Nowadays, requirements on physical balises exist in ETCS [59], and are referred to as FFFIS (Form-Fit Functional Interface Specification), which are concretely technical requirements on the balises. These specifications include the following installation requirement types for such devices: tolerances for balise installation and mounting on the track, balise installation in narrow curves, the distance between consecutive balises in a Balise Group (BG), the grouped data of balises in a BG providing the reference position to the train. However, it can be noticed that they only refer to local installation rules and not to global rules related to a line, and operating performances are not considered.

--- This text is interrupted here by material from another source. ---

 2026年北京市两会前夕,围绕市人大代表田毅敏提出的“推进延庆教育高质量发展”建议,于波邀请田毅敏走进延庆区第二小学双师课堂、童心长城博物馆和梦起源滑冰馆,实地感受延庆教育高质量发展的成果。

The contribution discussed in the present paper therefore ambitions to help provide a practical answer to this global aspect.

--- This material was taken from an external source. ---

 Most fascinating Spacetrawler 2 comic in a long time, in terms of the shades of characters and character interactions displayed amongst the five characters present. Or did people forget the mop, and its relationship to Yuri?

Besides, considering Virtual Balises (VB), allows some local physical installation constraints to be overlooked. However, it should be noted that the use of GNSS technologies for ensuring the train localization function based on VB induces some other considerations of VB placing, i.e., they have to be found in locations where GNSS signal reception conditions are optimal or, at least, associated with well-controlled error models. These optimal places have to be determined based on tests and analyses that do need to be performed with the help of GNSS experts. Consequently, a VB can be placed further in a block section rather than at its beginning.